Water tank repairs stressing Greenfield’s water lines

  • A water main break at Silver Street and Washburn Avenue closed Silver Street for most of the day. RECORDER FILE PHOTO

Recorder Staff
Published: 9/19/2016 10:03:25 PM

GREENFIELD — The water main and service breaks that have detoured traffic on a number of Greenfield’s roads over the past several weeks should become less frequent, according to Department of Public Works Director Don Ouellette.

There have been at least 15 breaks since the Rocky Mountain Water Tank was taken offline in mid-August for a $1 million repair project. Ouellete said most of those problems have been water service line breaks, and there have only been about five water main breaks.

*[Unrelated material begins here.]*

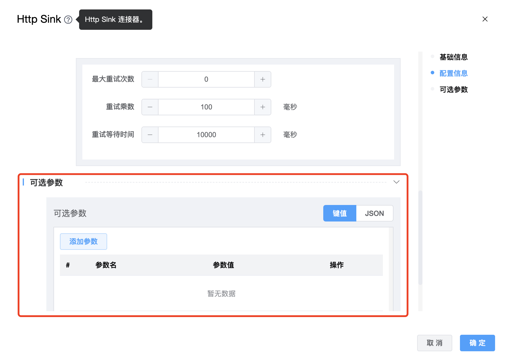 | 可选参数 | Http Sink 的其他参数,用户可以根据需求进行配置。 |

“We normally have a break a week — usually a service break — and you’ve got an old system here. A lot of the pipes are between 70 to 100 years old,” he said. “We took the water tank offline Aug. 18 and that screwed up the water flow. It also increased the pressure that we have in town by about 10 pounds. What I think you’re finding is that because of those two things, we’re getting all of the weak points in our system broken, and we’re doing all of the repairs now.”

In order to get water to all parts of town, Ouellette said some water was added to the reservoir at Oak Hill, which increased pressure, and a pressure reducing valve on Adams Tank was replaced and opened, also increasing pressure.

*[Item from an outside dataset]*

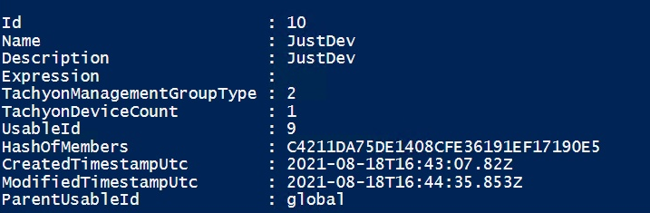 The management group in the 1E Platform may end up with a different Id. Its UsableId value is what we will use when querying the platform.

However, Ouellette said the breaks have been slowing down — two weeks ago, there were only two breaks. To combat the problem, the DPW has lowered water levels in the Oak Hill Water Tank by two feet in order to reduce pressure.

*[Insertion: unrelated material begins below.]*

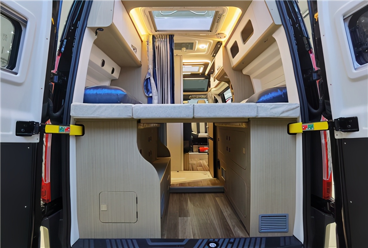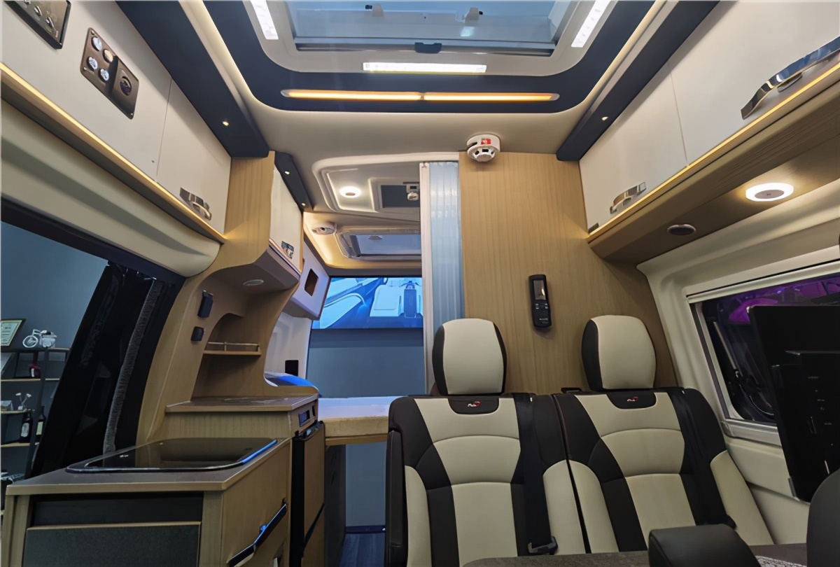 启界R500从前至后分为会客区、厨房、卫生间、休息区,虽然空间不是很大,但“麻雀虽小五脏俱全”,足够满足长途旅行的各种生活需求。此外,该车车尾是一张横置双人床,尺寸为1850×1200;而中部乘客座椅可以与可旋转副驾驶组合成一张侧向单人床;乘坐舒适性还是挺强的。

“That lowers pressure approximately five pounds,” he said. “We’ll see how that works, and we may try lowering it another foot or two.”

For every foot raised or lowered, Ouellette said pressure is increased or decreased by 2.31 pounds. He said the DPW may try lowering the water level by another foot later this week, but has to be careful because if the level drops too far, there won’t be enough pressure for residents in the north part of Bernardston to get water.

Ouellette added the company doing work on the Rocky Mountain Water Tank is ahead of schedule, and should finish by mid-October — about a month before the tank was supposed to come back online. He said because most of the water services are old, galvanized lines, if they didn’t break now they likely would have broken over the winter.

Although the town doesn’t have a complete program from replacing water mains yet, Ouellette said a line item has been added to the capital budget to start spending money every year on water mains. The town also recently finished a $1.2 million project to replace the water main on Leyden Road.

Currently, he said there is about $30,000 designated in the town’s operating budget for repairs.

“As far as the significant water main repairs that we need to do, that’s going to start being put into the capital plan and eventually we’ll get into a program where we’re replacing maybe a mile a year or something of that nature, but it’s just going to take a little bit of time to build that up,” he said. “The top priority was really to get the water tank done.”